One wonders, at the end of chapter 4, whether there is anything left of the LoveSingapore movement for a Pentecostal theology. Tan-Chow, surprisingly, thinks that there is and offers her reasons. First, LoveSingapore has bequeathed to the churches important “deep symbols,” such as love, unity, shalom, the kingdom of God, and the empowerment of the Holy Spirit, which could be retrieved for a solid Pentecostal theology even if these symbols have become “atrophied” (p. 99). But given the critique that exposes the vacuity of these symbols, one must ask if they could still be regarded as “deep symbols.” Second, Tan-Chow believes that the two “critical resources” of scripture and history could reshape “empirical Pentecostalism” and realize “LoveSingapore’s potential for good” (p. 119, 99). Scripture provides an integrated pneumatology while early Pentecostal history reveals many positive elements (chapter 5 cf. chapter 3). In chapter 6, Tan-Chow offers her own theological proposal for a constructive Pentecostal theology using these resources. The key concept is “pneumatological eschatology,” which involves remembering and embodying the constructive elements of early Pentecostal history and the Spirit’s work of orienting the church to “new” things, including the religious “other” (pp. 125-126). The concluding chapter offers practical suggestions on the “ethic of negotiation,” which operates on the principle of embracing the “other” without compromising one’s own integrity (p. 157). This last proposal will probably stretch Pentecostals to their utmost limits. Pentecostals would be hard put to recall any historical precedents on negotiating with the religious other. The whole Pentecostal tradition has been quite unanimous that the gift of the Spirit is for Christianizing the world rather than dialoging with it.

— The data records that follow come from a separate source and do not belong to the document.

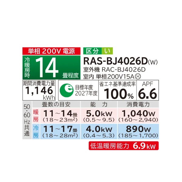 型番:RAS-BJ4026D-W / RAS-BJ4026D / RASBJ4026D
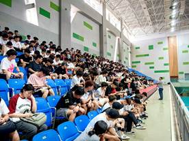 2024 年 6 月 14 日中午,体育学院组织全体学生在体育馆三楼召开了期末安全及考试纪律大会。
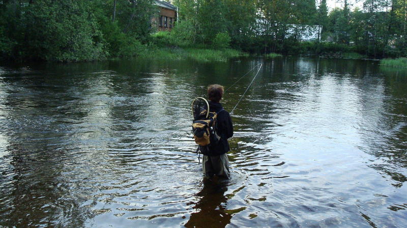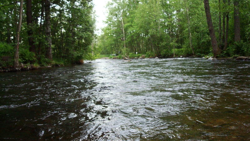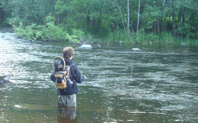 Aloitin kalastuksen kello 20.00 mutkasta ennen suvantoa. Larvastin mutkan perusteellisesti, mutta kalat eivät ottaneet. Päätin siirtyä ylempään mutkaan ja huomasin että mutkassa oli jo kalastajia ja päätin etten lähde sinne häiritsemään muiden kalastusta, joten siirryin vielä ylöspäin, mutkaan ennen rauhoitusaluetta. Kun saavuin mutkalle huomasin, että puu oli kaatunut koskeen ja ajattelin että sen alla voisi olla kalaa. Heitin larvat ylävirtaan ja uitin puun ali. Viides uitto puun ali tuotti tulosta kille nappasi kiinni larvaan ja lähti viemään siimaa. Ensiksi yritin pitää kalaa kovasti hiljasemmassa virrassa ettei vaan lähtisi koskea alas, mutta kun ei niin ei. Kala pääsi koskeen ja mie kömmin perästä. Kun koskea oltiin menty jonkun matkaa alaspäin ja tuli pieni kohta, jossa virta ei ollut niin kova päätin että haavitan kalan siinä. Kala suostui haaviin. Noin 45 cm kirre suht pulskassa kunnossa. Kun olin saanut kalan haaviin ja otin perhon pois kalan suusta huomasin että oli siimat menneet poikki. Oli varmaan hiertänyt kiviin koskessa. Kalan perkaus ja uudet perukkeet ja perhot kiinni.
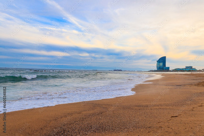 View of Barceloneta beach in Barcelona, Catalonia, Spain
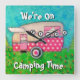 Horloge de camper rose amusant qui peut être customisé à dire ce que vous voulez au lieu de "Nous sommes sur le temps de camping" Ajouter ceci à votre camper lorsque vous allez glamping!
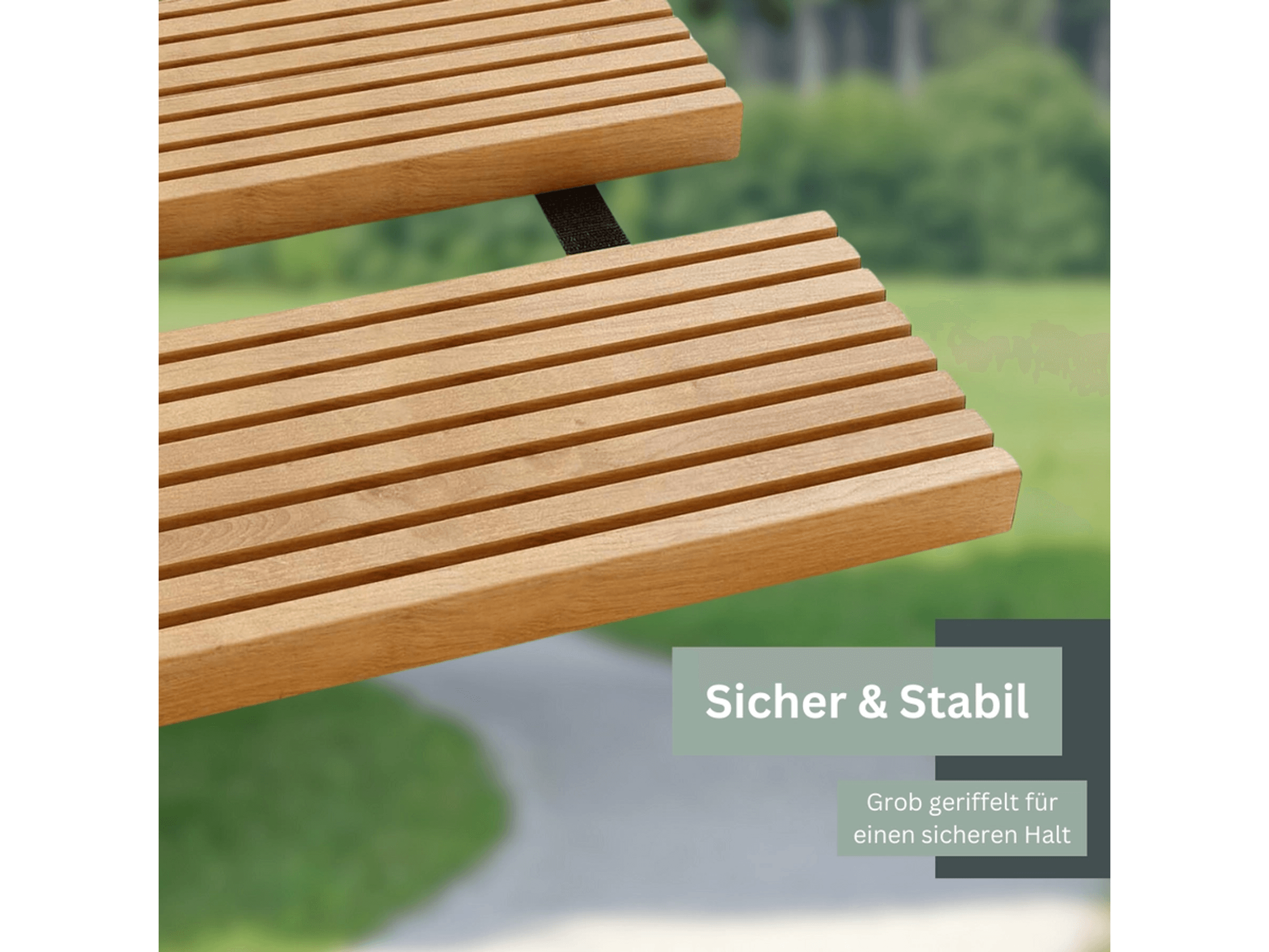 Dein Garten bekommt rustikale Wege! Dieser Rollweg aus heimischer Lärche besteht aus 14 Holztritten (26x12cm, 2cm stark), die auf elastischem Band befestigt sind. Einfach ausrollen - fertig ist der Gartenweg! Gesamtlänge ca. 2,5m. Lärchenholz ist extrem witterungsbeständig und langlebig - auch ohne Behandlung. Die Dielen sind einseitig grob, andererseits fein geriffelt für bessere Rutschfestigkeit. Perfekt für Beete, Terrasse oder als temporäre Wege. 'Gartenwelt Riegelsberger' - Qualität made in Germany!
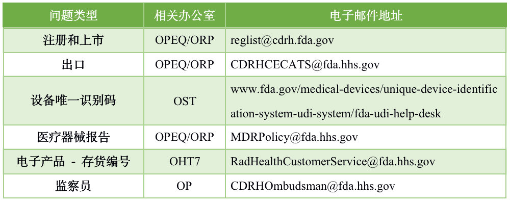 这是FDA新手课堂第十三篇,太平老师将在这里介绍如何从设备和放射健康中心(CDHR)中获得你所需要的信息。 在介绍CDRH的组织架构时,我们已经涵盖了很多内容,也提到了很多不同办公室和它们职能,那么,你现在最想知道的,应该是我如何能利用这些信息来解决我的问题? 如果您有任何一般性问题,可以从工业和消费者教育司(Division of Industry and Consumer Education,简称DICE)开始。如果你想得到即时的反馈,你可以拨打以下这个电话进行现场对话。 电话号码是(800) 638-2041,可以在上午9点到12点30之间,下午1点到4点30之间拨打。 或者,你可以给发电子邮件,来获得书面答复。DICE通常会在两个工作日内给出答复,其电子邮件地址是dice@fda.hhs.gov。 如果你还想了解更多信息和教育资源的链接,可以点击DICE主页,www.fda.gov/DICE,来寻求帮助。 DeviceAdvice,是为你在设计自己设备时,所可以使用的优秀资源之一,它是一个关于医疗设备的全面的监管教育资源,它由数百页的网页内容组成,涵盖了关于医疗器械的整个产品生命周期,涉及30多个监管类别。 在DeviceAdvice的网站中,包括详细的书面说明,包括关于如何完成各种任务的各种指南,其网址是www.fda.gov/DeviceAdvice。 另一个很好的资源是CDRH Learn。 CDRH Learn的特点是多媒体、视频培训模块,如演讲、基于计算机的培训指南和网络研讨会。 CDRH Learn中包括100多个CDRH学习模块,你可以就您感兴趣的许多主题进行访问,大多数模块的时长不超过20分钟,其网址是www.fda.gov/Training/CDRHLearn。 在下表中,我列出了一些最常见的问题类型,同时还列出了该职能部门在CDRH中所在的办公室,以及联系的电子邮件或网站,如果你有这方面的疑问,可以直接发邮件进行询问。 下面两个链接也有可能为你提供帮助。 第一个链接提供了有关CDRH组织的更多信息,地址如下: www.fda.gov/about-fda/office-medical-products-and-tobacco/center-devices-and-radiological-health。 第二个链接将带您进入中心的管理目录,地址如下: www.fda.gov/about-fda/cdrh-offices/cdrh-management-directory-organization。 |
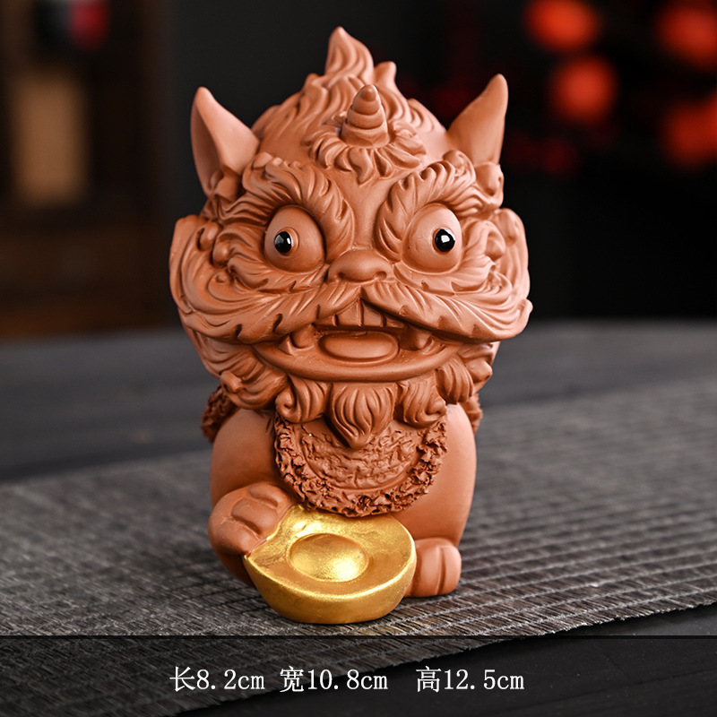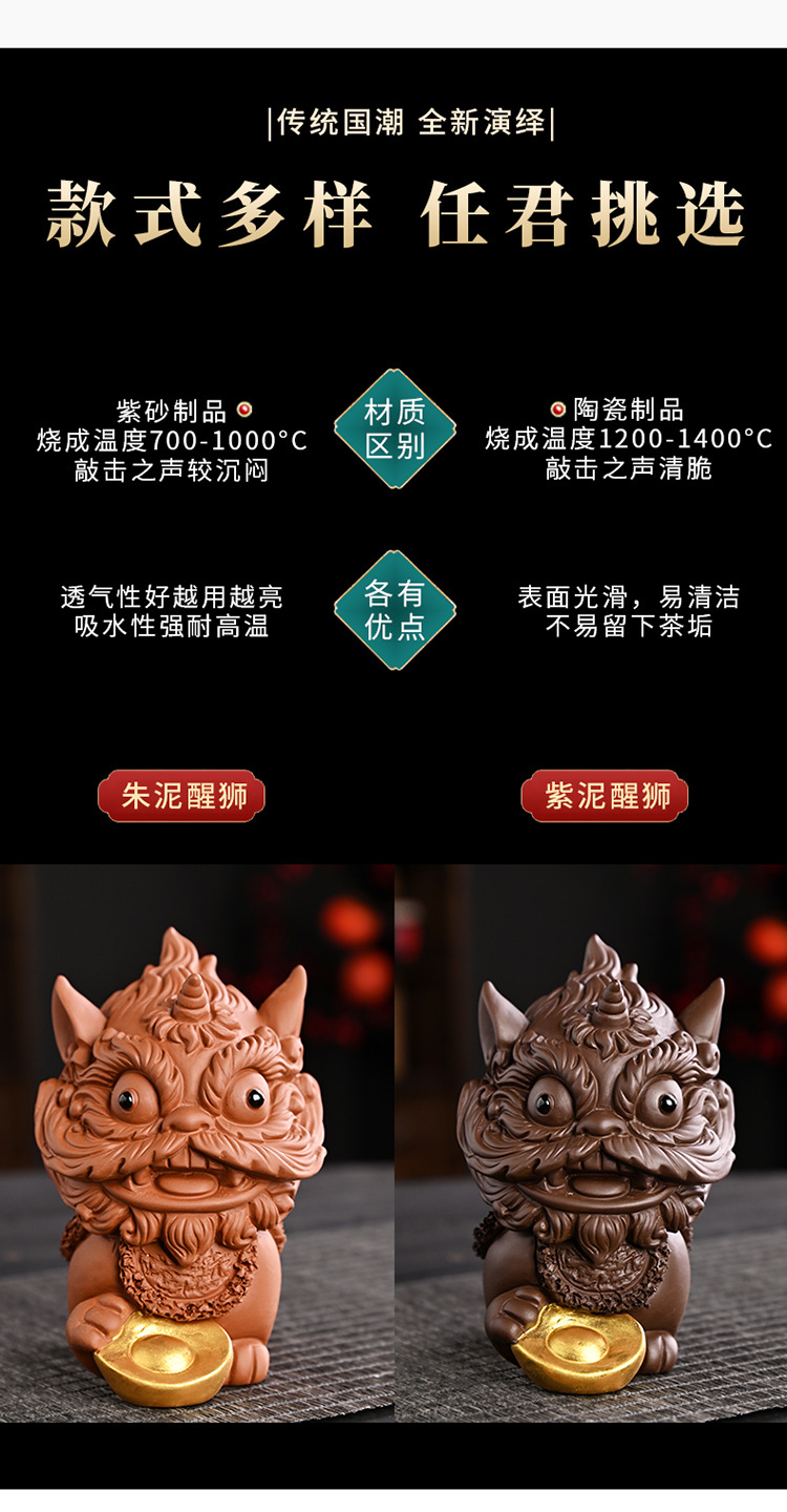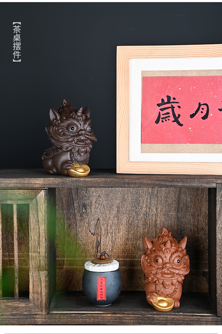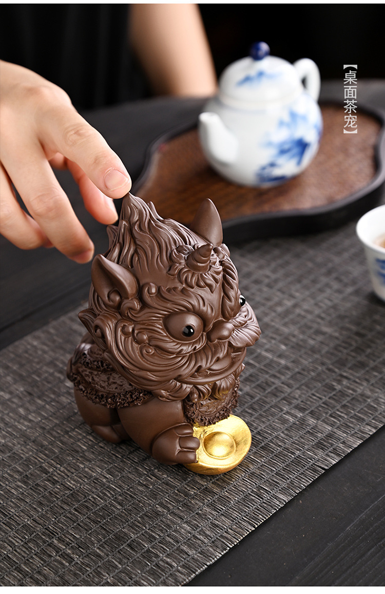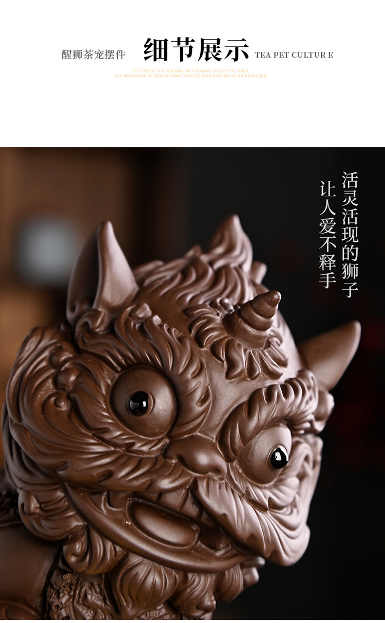 紫砂茶宠摆件可养精品茶具配件茶玩可爱醒狮吉祥物茶台桌面小摆件
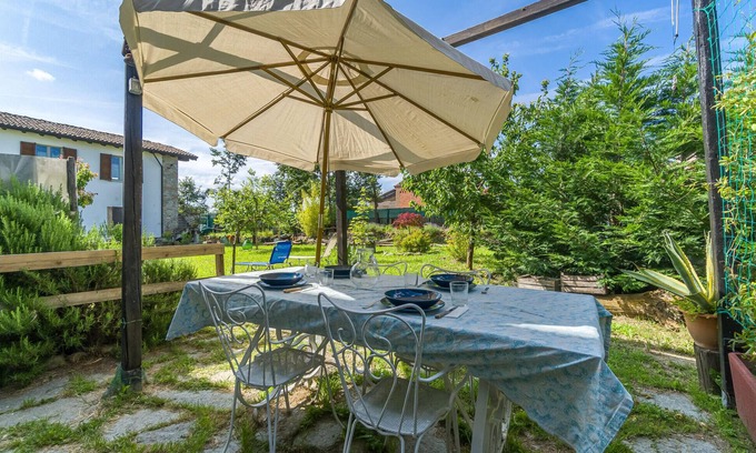 Beautiful part of a two-family house, completely surrounded by nature and by vineyards, in the spectacular area of Monferrato, in a strategic position to visit the UNESCO World Heritage Sites. The green hills are home to villages and valleys to explore, ideal for those who want a break from the stressful daily life. The large outdoor area of the house is equipped with garden furniture, barbecue and thermal oven where you can dine outside while your children have fun in the play area. The nearest town is Tortona (17 km). Genoa with its beautiful aquarium and ancient port is 70 km away. (Alessandria / Asti) Monferrato 40 km. Montemagno (60 km) is a village composed of twelve parts and is one of the "Castelli Aperti" (open castles) of the Piedmont region. At 30 km is the largest outlet in Europe with 240 stores with the most famous brands.

Although Tan-Chow’s theological construction holds great promise, I am not as optimistic that it would help LoveSingapore effect the necessary transformations, given the fact that its basic operating assumptions are not deeply rooted in scripture or the Christian tradition but in pragmatism. Furthermore, LoveSingapore is very much conditioned by the prevailing culture. LoveSingapore has as much potential for embracive inclusion as stones have the potential of becoming the proverbial “stone soup”–if all the other ingredients for good soup are added. Tan-Chow has provided excellent ingredients, but, then, why bother making stone soup?